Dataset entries

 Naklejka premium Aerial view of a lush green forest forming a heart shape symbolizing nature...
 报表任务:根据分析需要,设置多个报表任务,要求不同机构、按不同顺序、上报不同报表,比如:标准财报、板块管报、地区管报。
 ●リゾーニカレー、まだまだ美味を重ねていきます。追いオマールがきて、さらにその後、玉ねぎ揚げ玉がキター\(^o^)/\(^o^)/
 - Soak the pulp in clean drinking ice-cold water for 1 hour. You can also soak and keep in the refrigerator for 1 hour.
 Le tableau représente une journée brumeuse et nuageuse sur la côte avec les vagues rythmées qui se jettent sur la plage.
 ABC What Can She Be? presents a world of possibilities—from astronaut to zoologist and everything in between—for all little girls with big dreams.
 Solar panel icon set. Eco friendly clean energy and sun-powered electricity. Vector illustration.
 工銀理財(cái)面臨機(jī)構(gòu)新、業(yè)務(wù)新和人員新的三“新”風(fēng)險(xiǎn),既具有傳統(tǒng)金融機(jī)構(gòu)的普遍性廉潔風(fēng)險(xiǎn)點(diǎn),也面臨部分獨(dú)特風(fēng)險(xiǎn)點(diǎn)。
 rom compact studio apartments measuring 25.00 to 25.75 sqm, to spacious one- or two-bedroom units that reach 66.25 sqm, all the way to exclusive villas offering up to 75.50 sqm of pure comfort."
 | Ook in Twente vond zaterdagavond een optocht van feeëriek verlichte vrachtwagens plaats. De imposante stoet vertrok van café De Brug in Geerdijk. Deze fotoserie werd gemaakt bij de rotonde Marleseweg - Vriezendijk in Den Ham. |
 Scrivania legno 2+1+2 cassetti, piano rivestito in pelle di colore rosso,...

About this task —
Pull every line containing "clean" out of the entries.

Response area —
 - Soak the pulp in clean drinking ice-cold water for 1 hour. You can also soak and keep in the refrigerator for 1 hour.
 Solar panel icon set. Eco friendly clean energy and sun-powered electricity. Vector illustration.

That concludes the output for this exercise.